AI-Based Image Analytics — The startup has built a technology which works with on-premise embedded cameras for instant quality assessment using computer vision. Across India, majority of crops are assessed manually and with the naked eye, leaving room for multiple inconsistencies, manual fatigue and manipulations leading to losses across agriculture value chains. “For example, the quality of tea leaves is done by a person who spreads them on a table and makes a subjective assessment. But what we do is a computer-based analysis by taking a picture of the sample. The software analyzes the sample and based on that, they can fix the price. Similar technologies apply to grains like corn, barley, wheat, rice and others to assess the physical parameters like weevilled, shriveled, broken, clean, damaged etc.,” he explains.

AI-Based Sensor Analytics — “We pioneered the first applications for LoRA WAN-based IoT applications in India, which provide quality estimations in multiple agriculture processes in spatial arrangements, like curing, food storage, warehousing and logistics,” states Bhamra.


For India’s ‘Chai’ industry

Determining Fine Leaf Count (FLC) is imperative to the tea industry. AgNext has deployed TragNext, a platform for rapid and accurate estimation of FLC. Using AI and Image Recognition Software, AgNext can identify leaves from various classes coming from garden harvest as leaves, buds, Banjhi, shoots and the rest. Leaves are first dried and separated using a patented technology and then photographed with a high FPS camera. In the post-processed inverted binarized image, each component is identified and extracted separately using AI, and then the images are processed for FLC as per industry standards. A set of final stats show how many leaf and bud configurations are in every shoot, allowing for a percentage of FLC to be displayed on the device and mobile. All this gets done at a fraction of time, gives access to more sampling for better evaluation and removes subjectivity digitizing the entire procurement and payment process from there on. This technology has been deployed in tea estates of Goodricke, Rossell Tea, CISTA, Bokahola Tea, Tea Board of India and many other leading tea companies.

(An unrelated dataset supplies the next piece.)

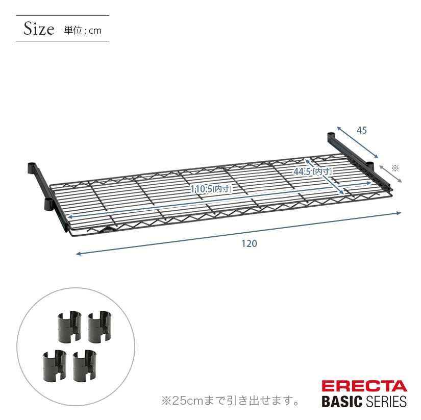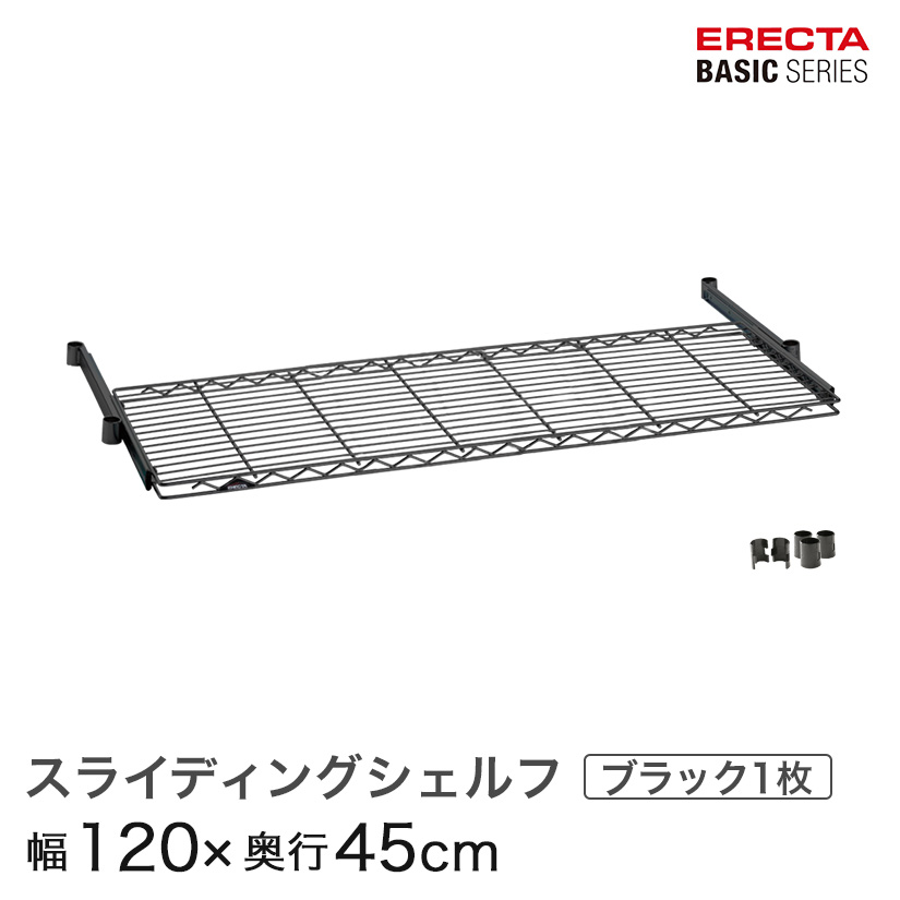 トップ > ERECTA(エレクター) > エレクターベーシックシリーズ > スライディングシェルフ > エレクター ベーシックシリーズ スライディングシェルフ ブラック 幅120×奥行45cm BSL1848B パーツ

AgNext has built STQC calibrated sensors for temperature, humidity, gaseous emissions, and other parameters key for various agriculture industries like curing solutions, grain silos, warehouses, food processors and storage services. These provide real-time alerts on control parameters and data analytics for actions to be taken as devised by the research institutions for better management of food quality.
Well-received by industry.

The startup has raised a total of $4.2 million funding till date from Omnivore and Kalaari venture funds to expand its research and build this technological platform. The industry has well accepted this new technology that promises to solve the subjectivity and delay in quality procurement, leading to various value losses across the value chain and to stakeholders. Having clients such as Arya Collateral, NAFED, Goodricke, and Rossell Tea attests to the fact that the feedback from the industry has been extremely positive.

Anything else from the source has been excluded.